Since the fBM is a Gaussian process, from Corollary 2.6.3 of Pipiras and Taqqu (2017), we get $\mathbb{E}\left\{B_H(i)\right\}=0$ and $\mathbb{E}{\left\{B_H(i)\right\}}^2=i^{2H}$ for any $i\in \mathbb{N}$. Hence, B_H(i) ~ N(0, i^2H). By stationarity of the incremental process of fBM, it is enough to show (3.8) holds for i = 1. Define $Y_1^{(m)}=X_{2^m}$ and $Y_2^{(m)}=X_{2^{m+1}}-X_{2^m}$. Then, $Y_1^{(m)}~\text{N}\left(0,2^{2Hm}\right)$. Also, $\mathbb{E}{\left(Y_2^{(m)}\right)}^2=\mathbb{E}{\left(X_{2^{m+1}}\right)}^2+\mathbb{E}{\left(X_{2^m}\right)}^2-2\text{ Cov}\left(X_{2^{m+1}},X_{2^m}\right)$. From (3.4) we get $\text{Cov}\left(X_{2^{m+1}},X_{2^m}\right)=2^{2H(m+1)}$. Thus, we have $Y_2^{(m)}~\text{N}\left(0,2^{2Hm}\right)$. Finally, $\text{Cov}\left(Y_1,Y_2\right)=\text{Cov}\left(X_{2^m},X_{2^{m+1}}\right)-\mathbb{E}{\left(X_{2^m}\right)}^2$, which, after applying (3.4) again, we obtain Cov(Y₁, Y₂) = 2^2Hm(2^2H−1 − 1). Setting λ² = 2^2Hm,

$$\begin{gathered} P\left(Z_2^{(m)}=1\mid Z_1^{(m)}=1\right)=\frac{P\left(Y_1>0,Y_2>0\right)}{P\left(Y_1>0\right)} \\ =2P\left(Y_2/\lambda >0,Y_2/\lambda >0\right) \\ =2\left[\frac{1}{4}+\frac{1}{2\pi }\text{ arcsin}\left\{\frac{1}{{\lambda }^2}\text{Cov}\left(Y_1,Y_2\right)\right\}\right] \\ =\frac{1}{2}+\frac{1}{\pi }\text{ arcsin}\left(2^{2H-1}-1\right). \end{gathered}$$

A.2. Mixing of MCMC chain in Algorithm 1.

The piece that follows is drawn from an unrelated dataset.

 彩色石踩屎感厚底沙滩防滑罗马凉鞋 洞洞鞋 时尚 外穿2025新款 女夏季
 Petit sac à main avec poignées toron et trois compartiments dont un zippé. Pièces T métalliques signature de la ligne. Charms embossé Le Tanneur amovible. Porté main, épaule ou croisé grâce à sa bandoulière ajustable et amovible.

We briefly comment on the mixing of the MCMC chain obtained via Algorithm 1. With L MCMC samples we calculate the effective sample sizes (ESS) for the parameters f(·)//τ H as

$$\text{ESS}=\frac{L}{1+2{\sum }_{j=1}^J\rho (k)},$$ (A.1)

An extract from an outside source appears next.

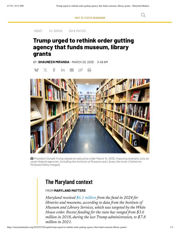 Trump urged to rethink order gutting agency that funds museum, library grants - Maryland Matters.pdf

where ρ(j) is the autocorrelation at lag j. We set J = 30 as the maximum lag and L = 10,000. For the 180 parameters f(t)/τ, where t = 1, …, 180, the average effective sample size for the 15 species were 2012.21 and that for the Hurst coefficient H averaged over all the species is 1941.44.

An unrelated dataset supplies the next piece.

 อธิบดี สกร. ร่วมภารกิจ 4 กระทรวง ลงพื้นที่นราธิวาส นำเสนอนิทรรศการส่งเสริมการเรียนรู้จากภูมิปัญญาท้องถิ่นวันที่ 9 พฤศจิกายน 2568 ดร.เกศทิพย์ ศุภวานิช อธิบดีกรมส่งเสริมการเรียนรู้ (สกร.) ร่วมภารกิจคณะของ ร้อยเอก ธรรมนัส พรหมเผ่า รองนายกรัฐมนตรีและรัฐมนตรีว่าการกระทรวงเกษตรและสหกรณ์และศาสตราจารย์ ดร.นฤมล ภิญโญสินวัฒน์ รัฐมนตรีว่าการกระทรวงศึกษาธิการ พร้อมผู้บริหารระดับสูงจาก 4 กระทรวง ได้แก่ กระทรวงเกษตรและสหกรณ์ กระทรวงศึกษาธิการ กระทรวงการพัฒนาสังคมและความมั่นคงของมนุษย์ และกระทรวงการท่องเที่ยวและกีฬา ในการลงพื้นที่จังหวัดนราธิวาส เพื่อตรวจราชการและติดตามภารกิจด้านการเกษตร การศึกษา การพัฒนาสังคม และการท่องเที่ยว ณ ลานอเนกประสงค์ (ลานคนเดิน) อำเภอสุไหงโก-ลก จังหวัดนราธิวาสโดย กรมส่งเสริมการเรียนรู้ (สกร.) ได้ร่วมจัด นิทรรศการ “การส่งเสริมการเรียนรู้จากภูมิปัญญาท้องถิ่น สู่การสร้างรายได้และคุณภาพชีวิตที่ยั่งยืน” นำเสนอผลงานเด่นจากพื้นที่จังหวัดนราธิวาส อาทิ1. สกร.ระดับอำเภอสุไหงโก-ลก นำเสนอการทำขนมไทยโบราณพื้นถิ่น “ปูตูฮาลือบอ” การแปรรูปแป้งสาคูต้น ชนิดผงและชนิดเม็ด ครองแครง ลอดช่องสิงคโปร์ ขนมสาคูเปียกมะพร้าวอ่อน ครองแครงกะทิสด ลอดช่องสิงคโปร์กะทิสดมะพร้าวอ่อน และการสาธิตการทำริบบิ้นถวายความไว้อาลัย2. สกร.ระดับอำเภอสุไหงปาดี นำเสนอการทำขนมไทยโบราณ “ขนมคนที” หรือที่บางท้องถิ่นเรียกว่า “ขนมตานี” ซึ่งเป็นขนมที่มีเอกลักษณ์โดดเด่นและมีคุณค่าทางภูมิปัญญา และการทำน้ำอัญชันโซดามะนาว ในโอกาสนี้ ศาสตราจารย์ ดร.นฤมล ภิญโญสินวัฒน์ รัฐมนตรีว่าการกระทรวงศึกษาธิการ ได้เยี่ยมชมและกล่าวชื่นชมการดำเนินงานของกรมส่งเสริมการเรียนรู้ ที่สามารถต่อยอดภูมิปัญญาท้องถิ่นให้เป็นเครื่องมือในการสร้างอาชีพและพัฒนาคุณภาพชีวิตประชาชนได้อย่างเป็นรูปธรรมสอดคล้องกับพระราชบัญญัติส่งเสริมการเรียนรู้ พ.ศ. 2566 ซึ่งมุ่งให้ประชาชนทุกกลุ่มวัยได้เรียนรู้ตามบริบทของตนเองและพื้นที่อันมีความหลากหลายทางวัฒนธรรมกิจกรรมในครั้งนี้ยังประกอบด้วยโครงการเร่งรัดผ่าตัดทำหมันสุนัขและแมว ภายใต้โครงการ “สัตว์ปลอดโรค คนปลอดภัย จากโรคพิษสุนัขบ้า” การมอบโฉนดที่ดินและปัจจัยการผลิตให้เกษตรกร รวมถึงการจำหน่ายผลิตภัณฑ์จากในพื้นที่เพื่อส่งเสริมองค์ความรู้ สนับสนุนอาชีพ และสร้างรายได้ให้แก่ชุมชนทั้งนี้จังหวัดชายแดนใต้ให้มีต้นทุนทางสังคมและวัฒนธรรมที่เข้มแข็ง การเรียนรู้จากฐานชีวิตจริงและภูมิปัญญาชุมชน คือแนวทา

A.3. Proof of Theorem 3.2.

For any set V ∈ Θ, the posterior probability Π(V | Z₁, …, Z_n) = ∫ Π(V | W, Z₁,…, Z_n) Π (W | Z₁, …, Z_n) dW. Now, fix any weak neighborhood U of θ₀. Weak consistency conditional on the latent variables is proved in Section S6 of Chakraborty, Ovaskainen and Dunson (2022a). Thus, the random variable Π(U^c | W, Z₁, …, Z_n) converges to 0 in P₀-probability. We now extend the proof for the marginal probability Π(U^c | W, Z₁, …, Z_n). Fix any δ > 0. Then we have

$$\begin{gathered} E_{P_0}\Pi \left(U^C\mid Z_1,\dots ,Z_n\right) \\ =E_{P_0}\int \Pi \left(U^c\mid W,Z_1,\dots ,Z_n\right)\Pi \left(W\mid Z_1,\dots ,Z_n\right)dW \\ =E_{P_0}{\int }_{\Pi \left(U^c\mid W,Z_1,\dots ,Z_n\right)\le \delta }\Pi \left(U^c\mid W,Z_1,\dots ,Z_n\right)\Pi \left(W\mid Z_1,\dots ,Z_n\right)dW \\ +E_{P_0}{\int }_{\Pi \left(U^c\mid W,Z_1,\dots ,Z_n\right)>\delta }\Pi \left(U^c\mid W,Z_1,\dots ,Z_n\right)\Pi \left(W\mid Z_1,\dots ,Z_n\right)dW \\ \le \delta +P_0\left\{\Pi \left(U^C\mid W,Z_1,\dots ,Z_n\right)>\delta \right\}, \end{gathered}$$

where we use the fact that Π(U^c | W, Z₁, …, Z_n) ≤ 1.